Kein Mensch behauptet, ein Bildnis oder eine Statue könnten ohne einen Maler oder Bildhauer entstehen. Wurde dieses Wunderwerk etwa ohne einen Werkmeister geschaffen? Oh, wie groß muss die Blindheit sein, die Ehrfurchtslosigkeit, die Ignoranz! Tat, mein Kind, beraube das Kunstwerk nie seines Künstlers! Ja, mehr noch, er ist noch mehr als das, denn kein Name kann sein Wesen erfassen, so groß ist er! Gewiss ist er der Einzige, den man wahrhaftig als Vater bezeichnen kann.

Wenn du mich drängst, dann sage ich sogar noch mehr: es ist sein Wesen, mit allen Dingen schwanger zu gehen und sie zu gebären. So wie es unmöglich ist, dass irgendein Ding erzeugt wird ohne einen Erzeuger, so unmöglich ist es, dass dieser Allerzeuger existiert, ohne unablässig zu zeugen, alles zu zeugen, was im Himmel ist und in der Luft  und auf Erden und in den Tiefen, in jedem Teil des Kosmos, in allem, was ist und auch nicht ist. Denn nichts gibt es in diesem Kosmos, das nicht er wäre. Er selbst ist die Dinge, die sind und die Dinge, die nicht sind. Jene, die sind, hat er sichtbar gemacht, und jene, die nicht sind, mit denen geht er noch schwanger.

Dies ist der Gott, den kein Name zu bezeichnen vermag, dies ist der Gott, der vollkommen verborgen und vollkommen offenbar ist. Dieser Gott, der für die Augen sichtbar ist und für den Geist. Er ist körperlos und besitzt viele Körper, oder besser, er besitzt alle Körper.

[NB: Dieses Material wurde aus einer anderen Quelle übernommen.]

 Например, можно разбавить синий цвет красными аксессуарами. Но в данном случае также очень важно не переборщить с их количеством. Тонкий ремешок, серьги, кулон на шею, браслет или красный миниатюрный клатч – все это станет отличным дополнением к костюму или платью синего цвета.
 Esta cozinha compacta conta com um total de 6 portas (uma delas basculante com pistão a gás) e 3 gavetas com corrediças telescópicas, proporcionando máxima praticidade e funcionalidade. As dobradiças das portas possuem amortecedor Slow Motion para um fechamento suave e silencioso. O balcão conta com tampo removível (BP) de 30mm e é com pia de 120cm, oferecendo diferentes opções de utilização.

Nichts gibt es, das er nicht wäre, und deswegen gehören alle Namen ihm, weil sie alle von einem Vater kommen, und deswegen hat er keinen Namen, weil er ihrer aller Vater ist.

Wer vermöchte dich zu preisen, deinen Willen auszuführen oder deine Pläne zu vollenden? Wo soll ich hinsehen, um dich zu preisen: hinauf, hinunter, in mein Inneres, hinaus in die Welt? Denn es gibt keine Richtung, in der ich dich finden könnte, keinen Ort, an dem du wohnst, kein Wesen, das dich enthielte. Alles ist in dir, alles kommt von dir. Du gibst alles und nimmst nichts. Denn du hast bereits alles und nichts gibt es, was nicht dir gehört.

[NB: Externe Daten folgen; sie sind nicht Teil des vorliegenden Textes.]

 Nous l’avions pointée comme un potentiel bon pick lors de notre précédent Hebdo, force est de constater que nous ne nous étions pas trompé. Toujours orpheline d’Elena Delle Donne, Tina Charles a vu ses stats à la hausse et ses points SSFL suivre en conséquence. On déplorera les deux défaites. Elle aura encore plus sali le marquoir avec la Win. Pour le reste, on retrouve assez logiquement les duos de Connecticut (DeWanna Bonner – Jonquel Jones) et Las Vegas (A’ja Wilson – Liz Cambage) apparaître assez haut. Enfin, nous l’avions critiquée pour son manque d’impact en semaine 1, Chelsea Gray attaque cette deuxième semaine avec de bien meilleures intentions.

Wann soll ich einen Lobgesang auf dich anstimmten? Du hast weder Zeit noch Stunde. Für wen soll ich den Lobgesang singen: für das, was du gemacht hast, oder für das, was du nicht gemacht hast? Für das, was du offenbar gemacht hast oder für das, was du noch in dir trägst, unentborgen? Und wie soll ich dich preisen? Als etwas, das zu mir gehört, das eine besondere Eigenschaft besitzt, oder als etwas, was nicht zu mir gehört? Denn du bist, was auch immer ich sein mag, du bist, was auch immer ich vollbringe, du bist, was auch immer ich sage. Du bist alles, und es gibt nichts anderes. Und was nicht ist, bist du ebenso. Du bist alles, was Gestalt angenommen hat, du bist alles, was gestaltlos ist. Du bist der Geist, der versteht, der Vater, der erzeugt, der Gott, der handelt, und das Gute, das allen Dingen ihr Sein zuteilt. Denn das feinste von allen stofflichen Dingen ist die Luft, aber das Wesen der Luft ist die Seele, das Wesen der Seele der Geist und das Wesen des Geistes ist Gott.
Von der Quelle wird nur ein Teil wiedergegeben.